WORK ITEM:
All lines below between the line with "1、進入APP發現頁面,在食" and the line with "Текущие и будущие", including both, must be copied exactly, and the pictures must be omitted.

PROVIDED RECORDS:
<<<<
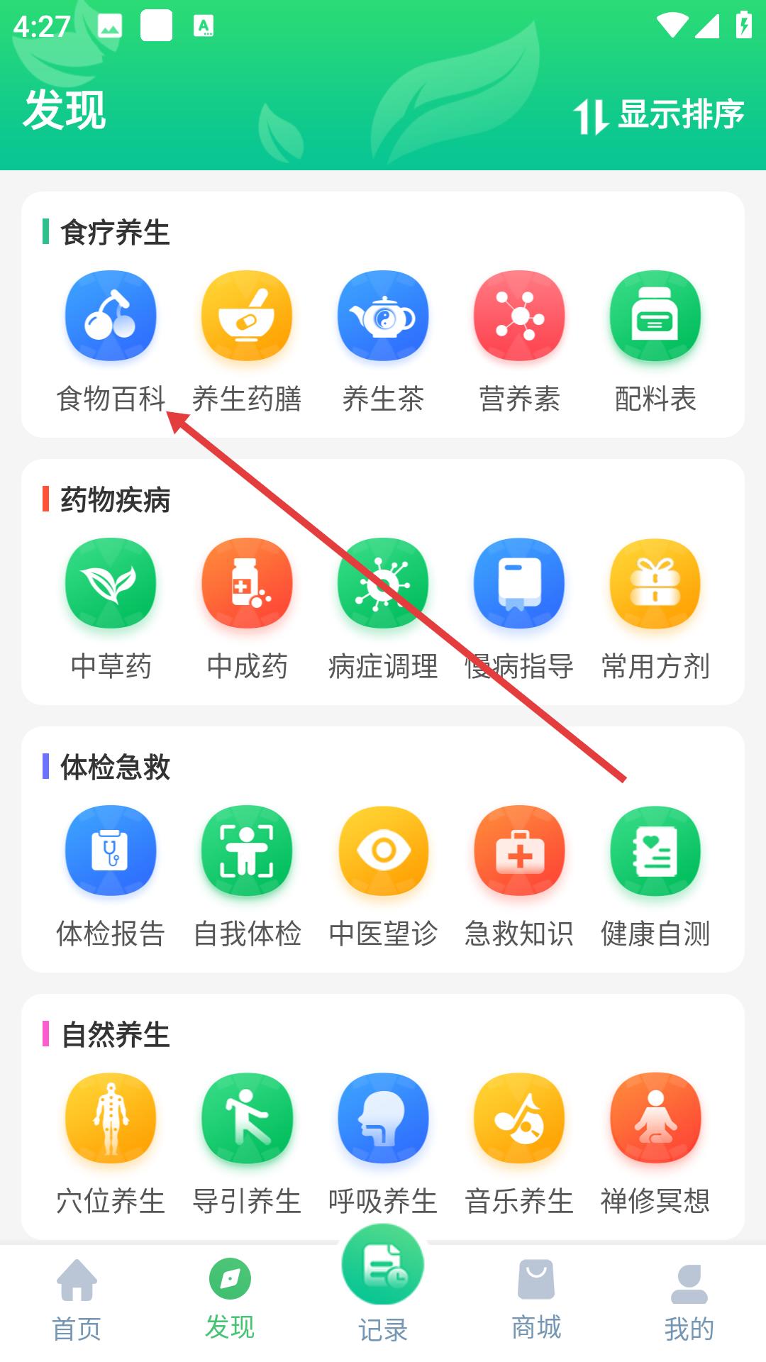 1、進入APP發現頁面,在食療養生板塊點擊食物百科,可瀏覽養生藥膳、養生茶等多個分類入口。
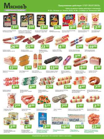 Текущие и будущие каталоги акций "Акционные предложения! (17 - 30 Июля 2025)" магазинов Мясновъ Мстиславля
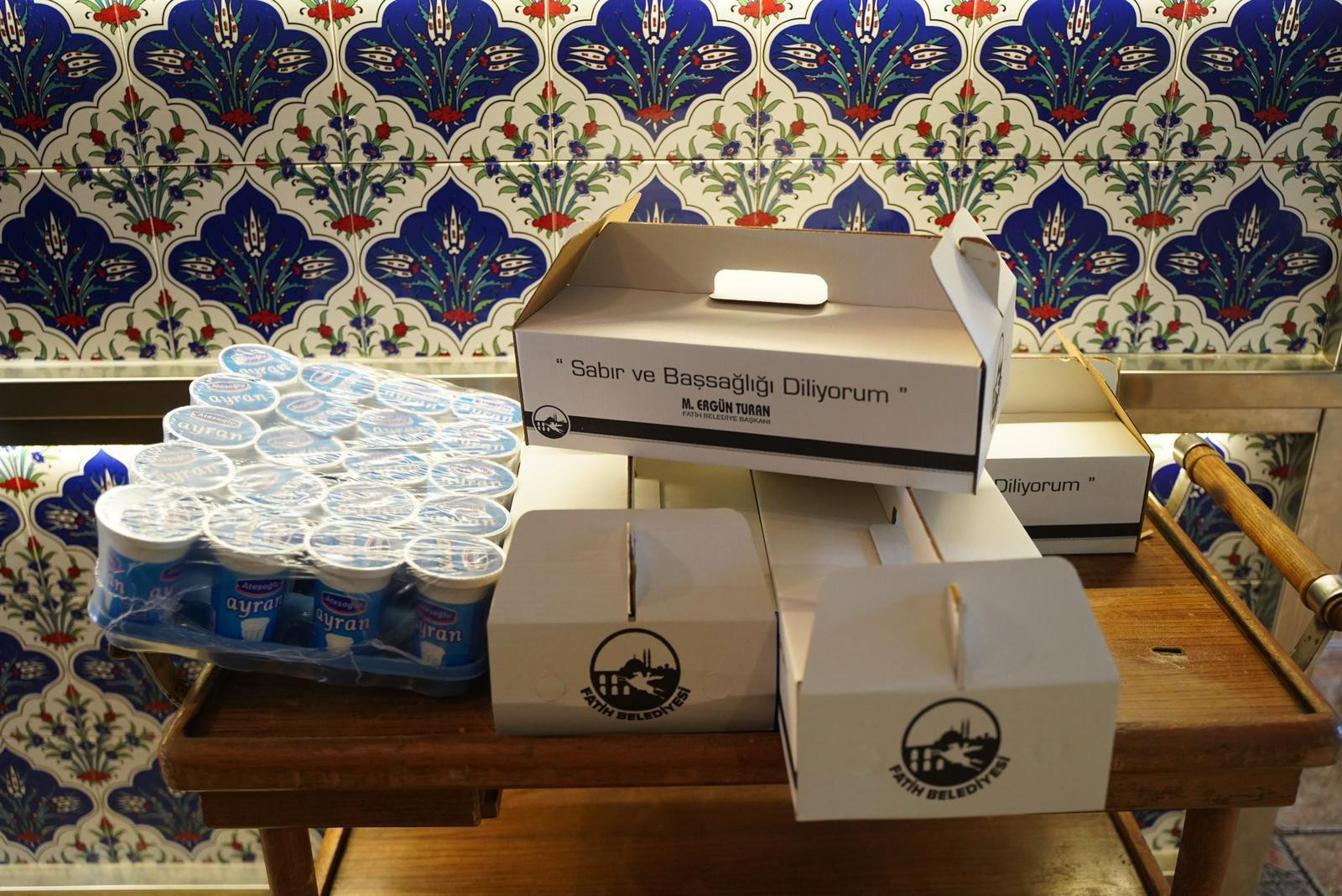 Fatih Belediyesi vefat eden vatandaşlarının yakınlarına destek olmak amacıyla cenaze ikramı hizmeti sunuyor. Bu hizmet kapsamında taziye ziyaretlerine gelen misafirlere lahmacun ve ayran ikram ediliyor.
>>>>
<<<<
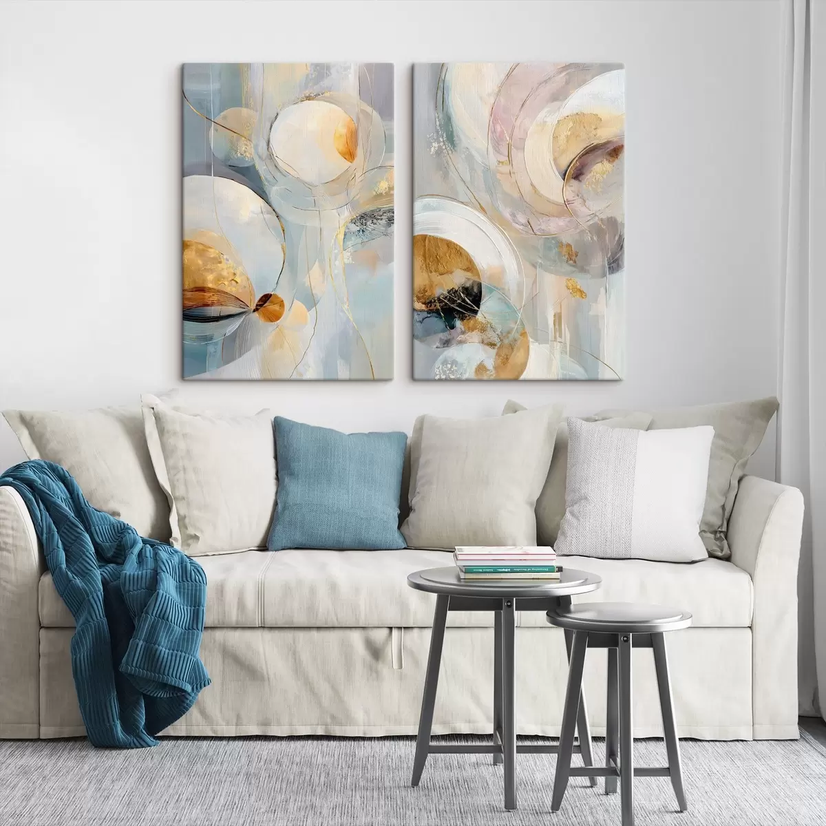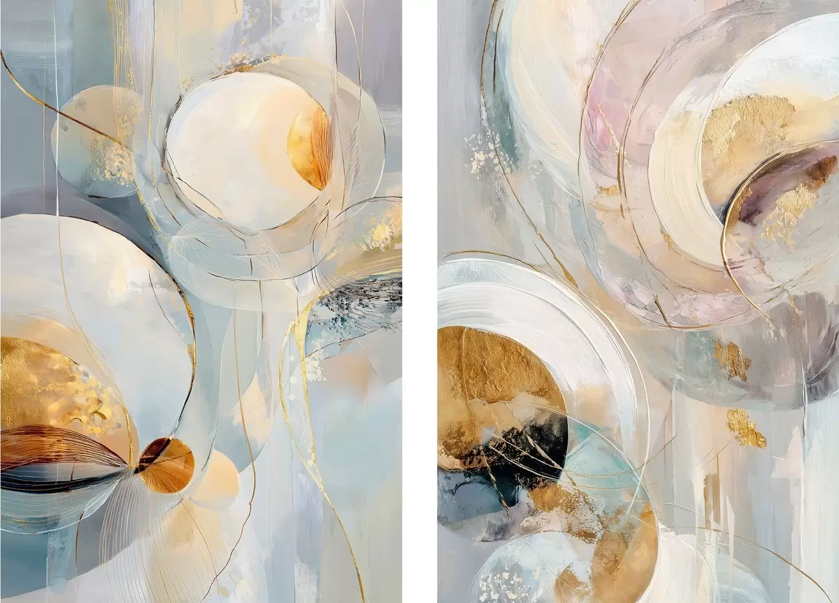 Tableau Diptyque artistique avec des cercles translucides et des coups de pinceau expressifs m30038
>>>>
RESULT FOR THIS TASK:
 1、進入APP發現頁面,在食療養生板塊點擊食物百科,可瀏覽養生藥膳、養生茶等多個分類入口。
 Текущие и будущие каталоги акций "Акционные предложения! (17 - 30 Июля 2025)" магазинов Мясновъ Мстиславля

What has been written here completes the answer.